The problem. Repeat every record exactly, but omit the images.
[Opening Extracted data section]
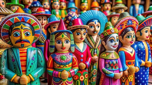 Vibrant, intricately designed Mexican artisanal wooden figurines, adorned with bright colors and patterns, stand together, showcasing traditional folk art and cultural heritage.
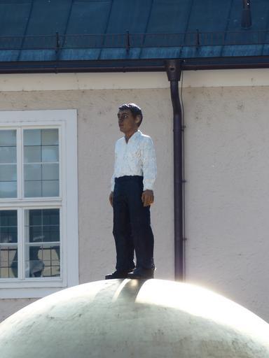 Keywords: man fig male figure artwork balkenhol mozartkugel sphaera salzburg ball gold kapitelplatz austria
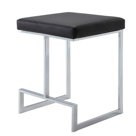 24" Black And Silver Faux Leather And Steel Backless Counter Height Bar Chair
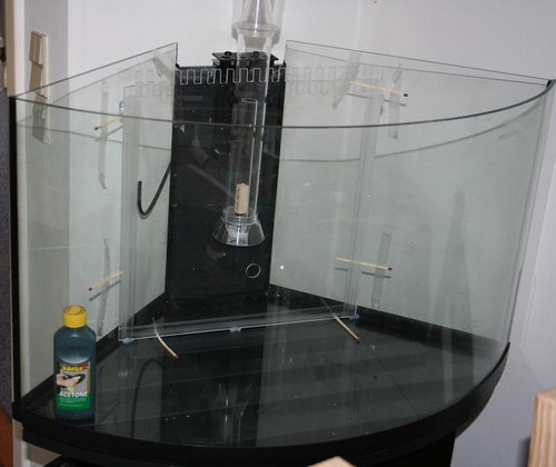 På de første 2 billeder ser i akvariet hvor jeg er ved at lime overløb i
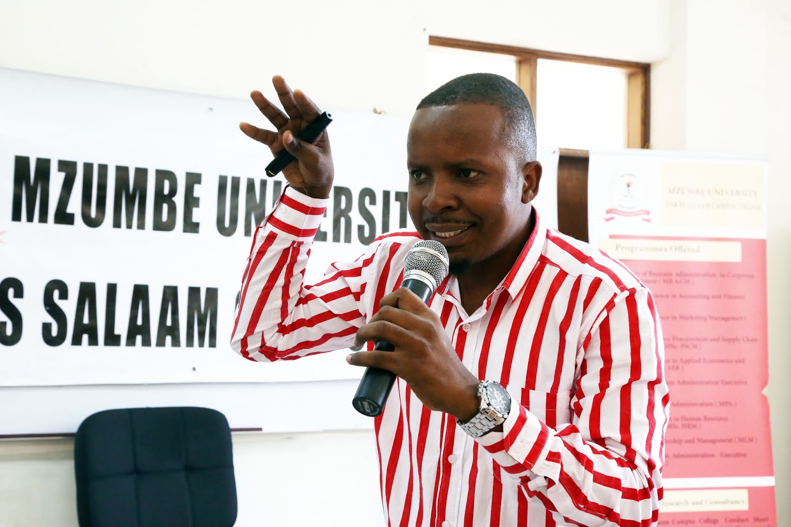 Hozza Mbura akitoa mada kuhusu Fursa.
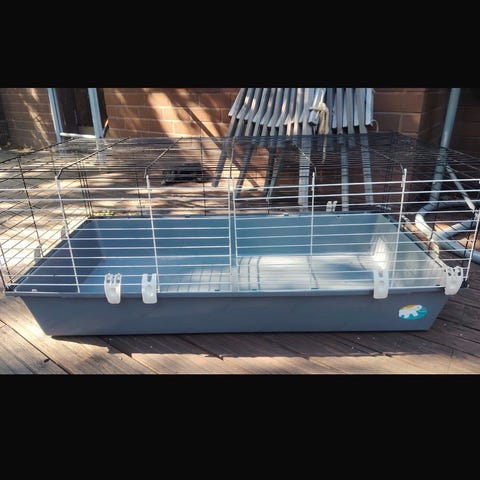 Kanin häkki ollut käytössä pari vuotta. Ollut varastossa noin 2 vuotta käyttämättömänä. Pohja on muovia ja yläosa puuta, jonka saa irti. Häkissä on ylhäältä avautuva kansi, joka helpottaa siivousta ja eläimen käsittelyä. Puupinnoissa on kulumaa ja naarmuja, jotka näkyvät kuvissa. Mitat 125x64,5x51cm.
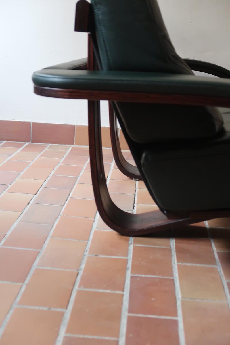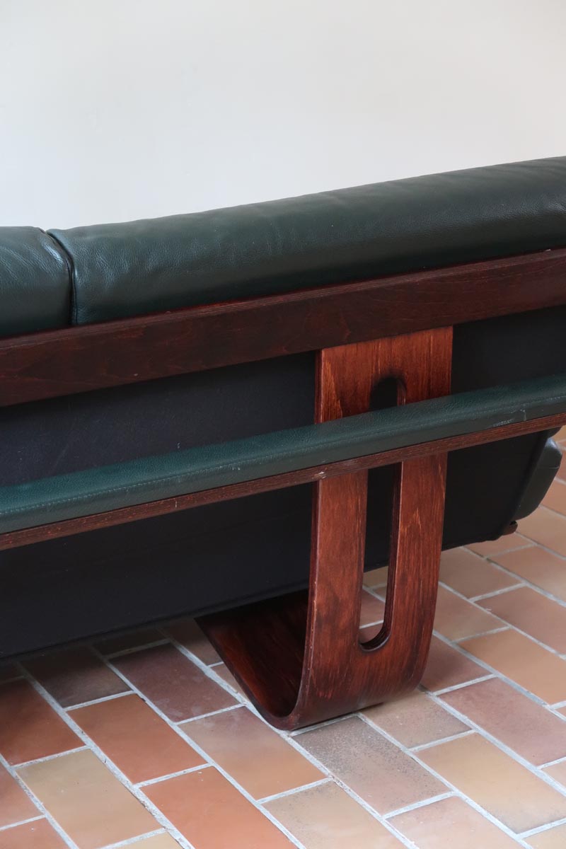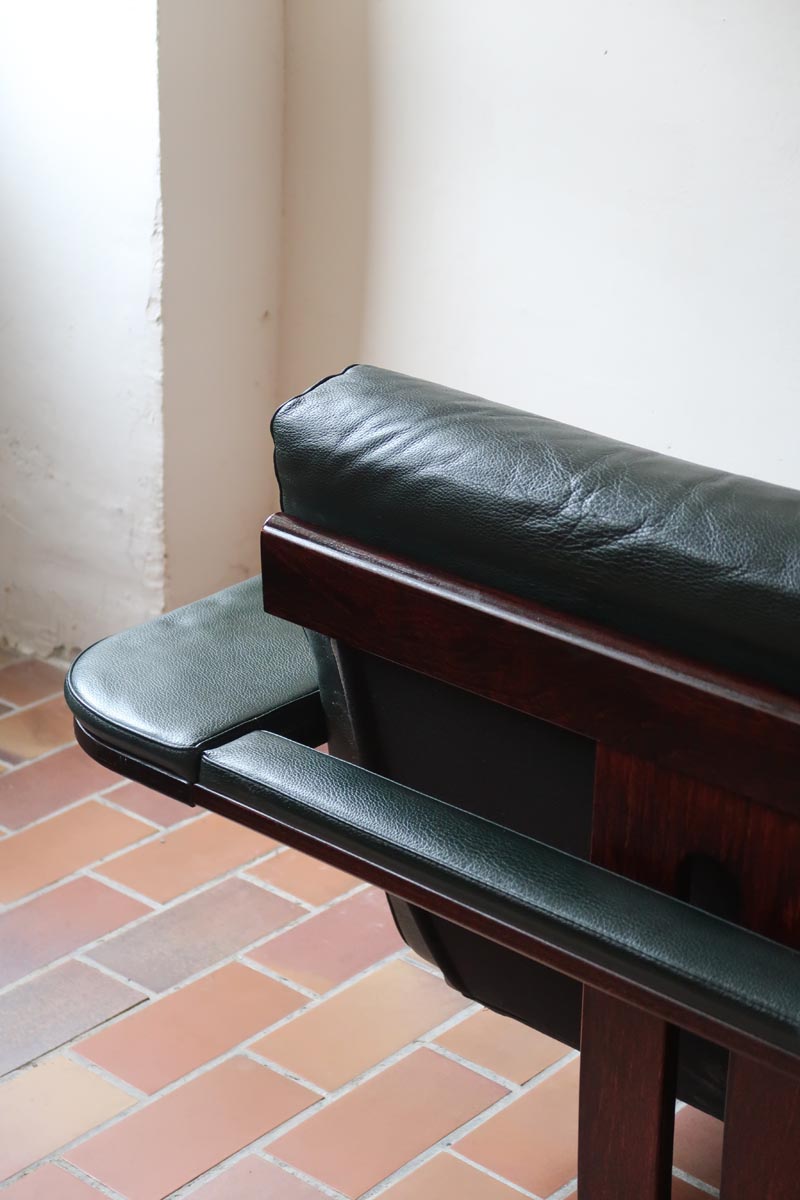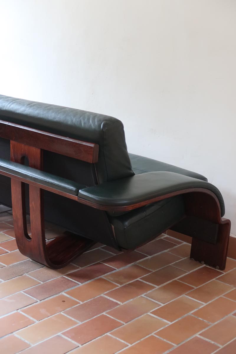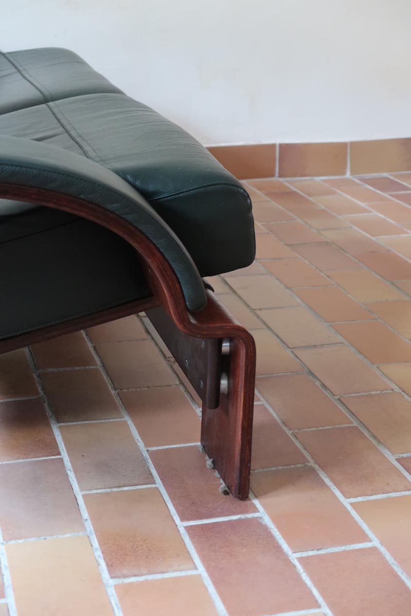 Icône du design scandinave des années 70, le modèle Kroken a été dessiné par le designer suédois Åke Fribytter et édité en France par Roche Bobois. On reconnaît immédiatement sa structure en bois massif aux lignes courbes et son assise en cuir vert profond, à la fois confortable et enveloppante.
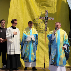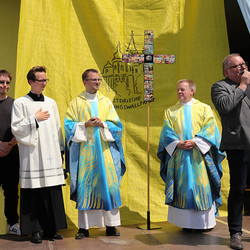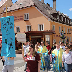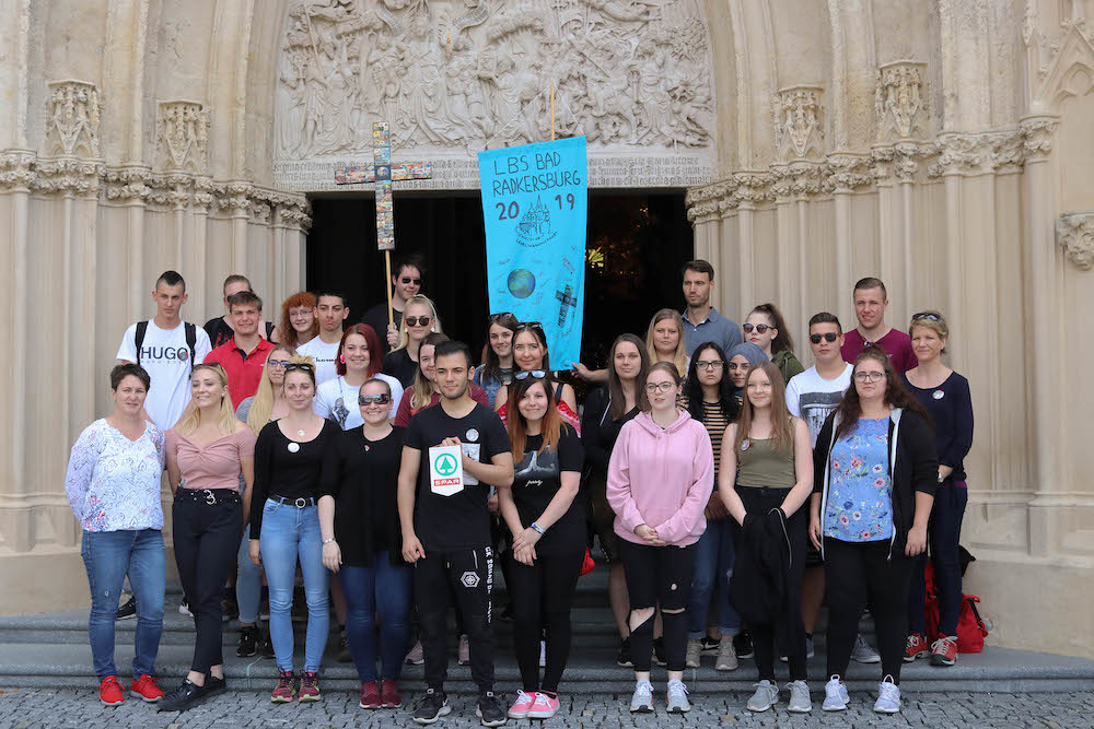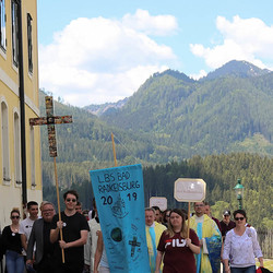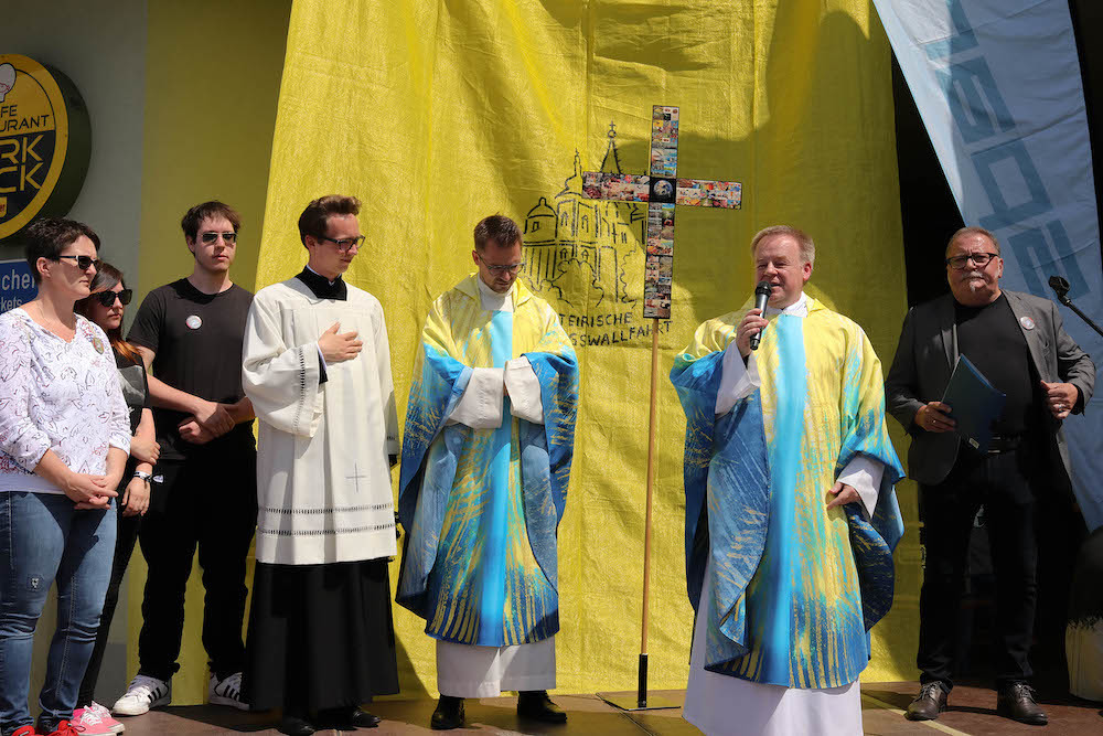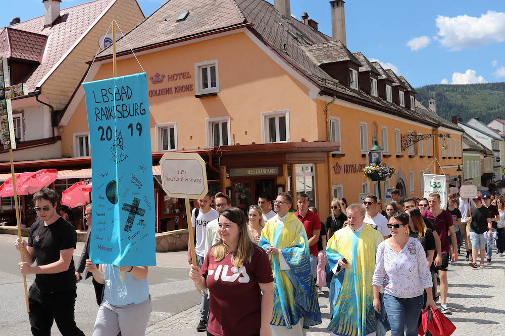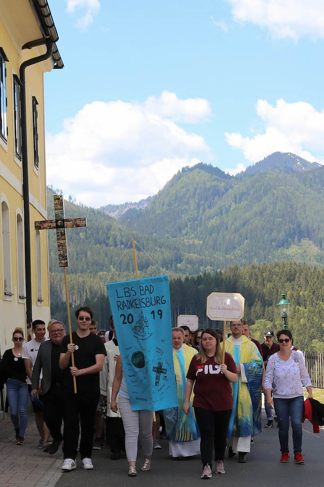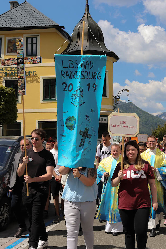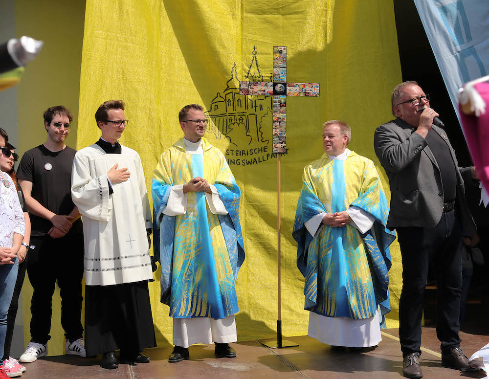 Jedes Jahr gestaltet eine andere der 16 Berufsschulen das Prozessionskreuz der Wallfahrt. Dieses Jahr kreierte es die Landesberufsschule Bad Radkersburg. Andreas Monschein beschrieb das Symbol des Kreuzes als „Zeichen des Lebens, Zeichen der Auferstehung und letztendlich Zeichen für ein Leben in Fülle.“ Des Weiteren appellierte er in Bezug auf das Thema Nachhaltigkeit an die SchülerInnen: „Ich weiß, dass ich es alleine nicht schaffen kann, die Welt zu retten, aber ich tue meinen Teil. Der Unterschied ist, mit welchem Blick und mit welcher Einstellung ich an die Sache herangehe. (..) Wir selbst sind Werkzeug für die Veränderungen und wir müssen alle anfangen, unseren Teil zu tun.“ In einer weiteren Geschichte verdeutlichte er, wie die Einstellung zur Tätigkeit die Arbeit formen kann. Er verglich drei Steinmetze bei deren Arbeit; wenn man den einen fragte was er da mache meinte dieser nur „Ich behaue Steine.“. Der Zweite erklärte: „Ich baue einen Fensterrahmen.“ und der letzte sprach: „Ich baue eine Kathedrale.“ Außerdem, „Es geht auch darum, im Leben weiter schauen zu lernen und das große Ganze zu begreifen.“, so Monschein. „Du baust mit an dieser Welt, und du kannst sie auch zerstören. (...) Fang einfach an, tu deinen Teil, was du kannst, auf deine Weise. Vielleicht geschieht ein Wunder, und die Welt beginnt sich zu verwandeln.“
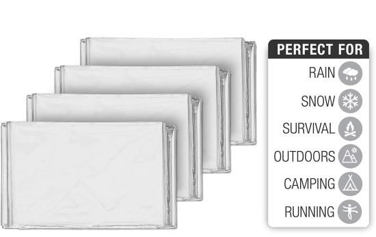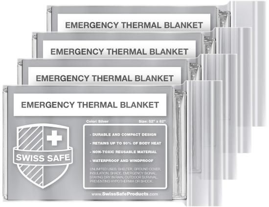 Swiss Safe Emergency Mylar Thermal Blankets 4-Pack + Bonus Signature Gold Foil S
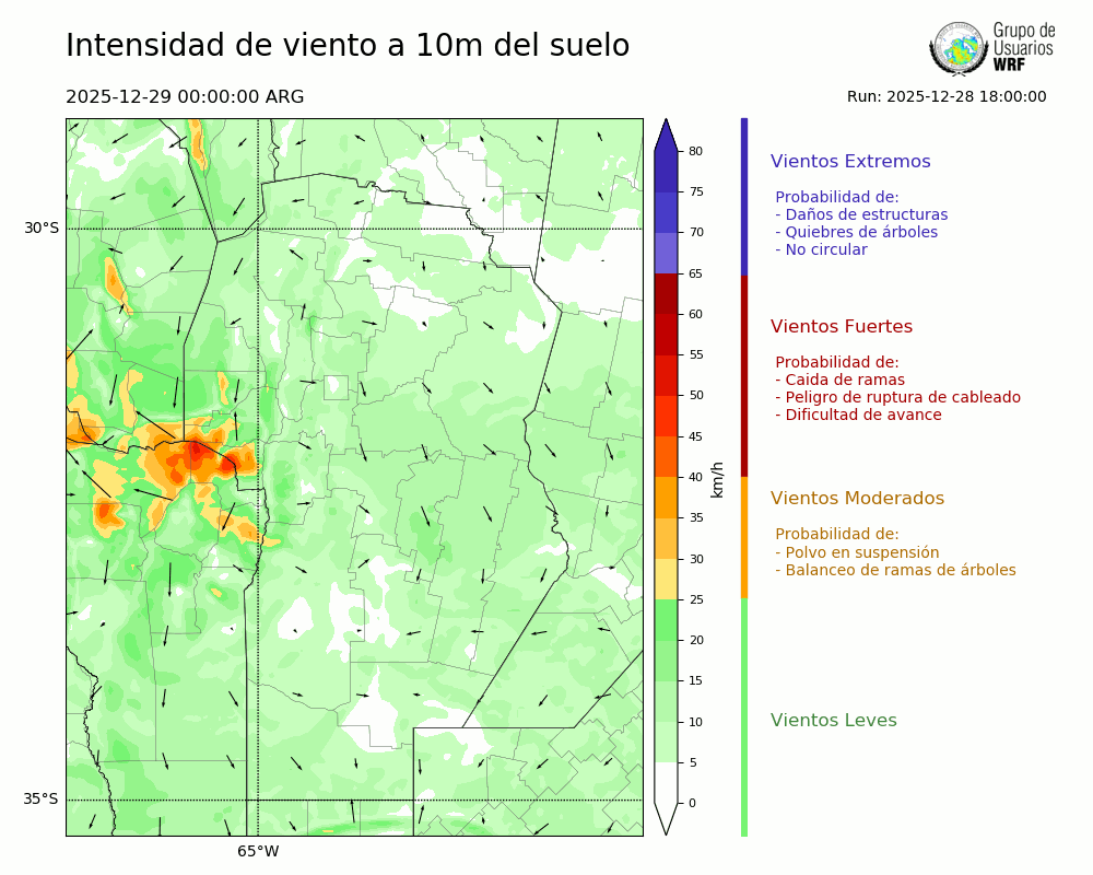 • Intensidad máxima: 8.98 km/h (29/12/2025 06hs.)
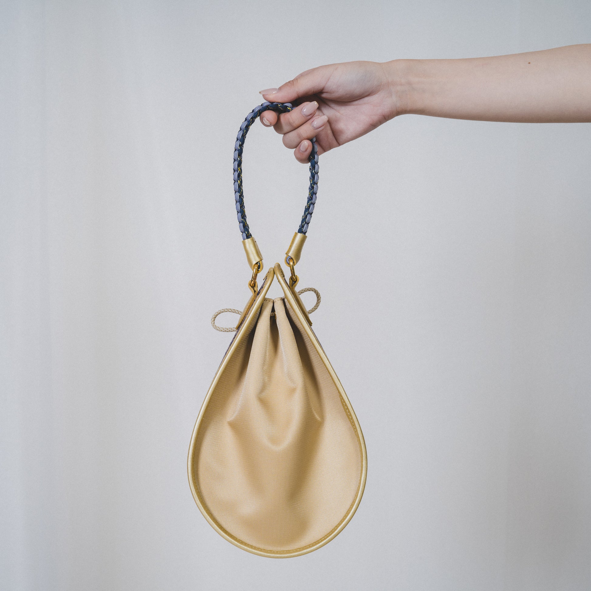 生地は、片面それぞれ太陽に照らされた雫をイメージした高級感と透明感のある淡いゴールド色のナイロン生地。肌触りが非常に滑らかで、強度がある素材です。
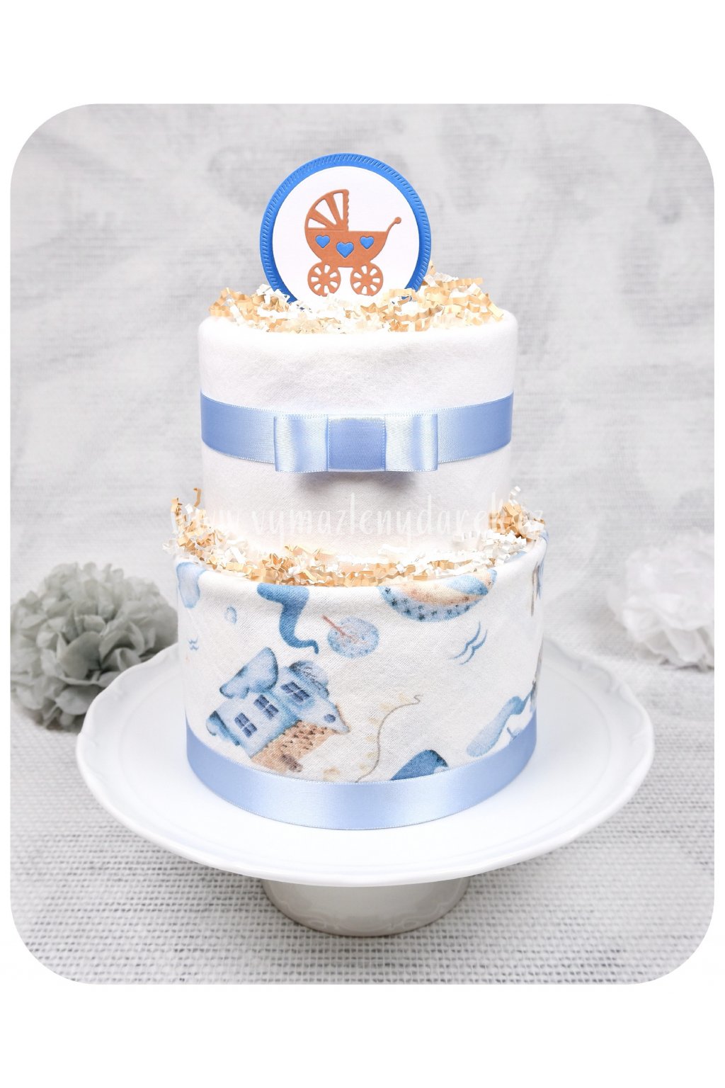 Korpus dortu tvoří 20 jednorázových plen Pampers New Baby-Dry (velikost 2 / pro váhu miminka 3 – 6 kg).
[Closing Extracted data section]
Answer space.
 Vibrant, intricately designed Mexican artisanal wooden figurines, adorned with bright colors and patterns, stand together, showcasing traditional folk art and cultural heritage.
 Keywords: man fig male figure artwork balkenhol mozartkugel sphaera salzburg ball gold kapitelplatz austria
 24" Black And Silver Faux Leather And Steel Backless Counter Height Bar Chair
 På de første 2 billeder ser i akvariet hvor jeg er ved at lime overløb i
 Hozza Mbura akitoa mada kuhusu Fursa.
 Kanin häkki ollut käytössä pari vuotta. Ollut varastossa noin 2 vuotta käyttämättömänä. Pohja on muovia ja yläosa puuta, jonka saa irti. Häkissä on ylhäältä avautuva kansi, joka helpottaa siivousta ja eläimen käsittelyä. Puupinnoissa on kulumaa ja naarmuja, jotka näkyvät kuvissa. Mitat 125x64,5x51cm.
 Icône du design scandinave des années 70, le modèle Kroken a été dessiné par le designer suédois Åke Fribytter et édité en France par Roche Bobois. On reconnaît immédiatement sa structure en bois massif aux lignes courbes et son assise en cuir vert profond, à la fois confortable et enveloppante.
 Jedes Jahr gestaltet eine andere der 16 Berufsschulen das Prozessionskreuz der Wallfahrt. Dieses Jahr kreierte es die Landesberufsschule Bad Radkersburg. Andreas Monschein beschrieb das Symbol des Kreuzes als „Zeichen des Lebens, Zeichen der Auferstehung und letztendlich Zeichen für ein Leben in Fülle.“ Des Weiteren appellierte er in Bezug auf das Thema Nachhaltigkeit an die SchülerInnen: „Ich weiß, dass ich es alleine nicht schaffen kann, die Welt zu retten, aber ich tue meinen Teil. Der Unterschied ist, mit welchem Blick und mit welcher Einstellung ich an die Sache herangehe. (..) Wir selbst sind Werkzeug für die Veränderungen und wir müssen alle anfangen, unseren Teil zu tun.“ In einer weiteren Geschichte verdeutlichte er, wie die Einstellung zur Tätigkeit die Arbeit formen kann. Er verglich drei Steinmetze bei deren Arbeit; wenn man den einen fragte was er da mache meinte dieser nur „Ich behaue Steine.“. Der Zweite erklärte: „Ich baue einen Fensterrahmen.“ und der letzte sprach: „Ich baue eine Kathedrale.“ Außerdem, „Es geht auch darum, im Leben weiter schauen zu lernen und das große Ganze zu begreifen.“, so Monschein. „Du baust mit an dieser Welt, und du kannst sie auch zerstören. (...) Fang einfach an, tu deinen Teil, was du kannst, auf deine Weise. Vielleicht geschieht ein Wunder, und die Welt beginnt sich zu verwandeln.“
 Swiss Safe Emergency Mylar Thermal Blankets 4-Pack + Bonus Signature Gold Foil S
 • Intensidad máxima: 8.98 km/h (29/12/2025 06hs.)
 生地は、片面それぞれ太陽に照らされた雫をイメージした高級感と透明感のある淡いゴールド色のナイロン生地。肌触りが非常に滑らかで、強度がある素材です。
 Korpus dortu tvoří 20 jednorázových plen Pampers New Baby-Dry (velikost 2 / pro váhu miminka 3 – 6 kg).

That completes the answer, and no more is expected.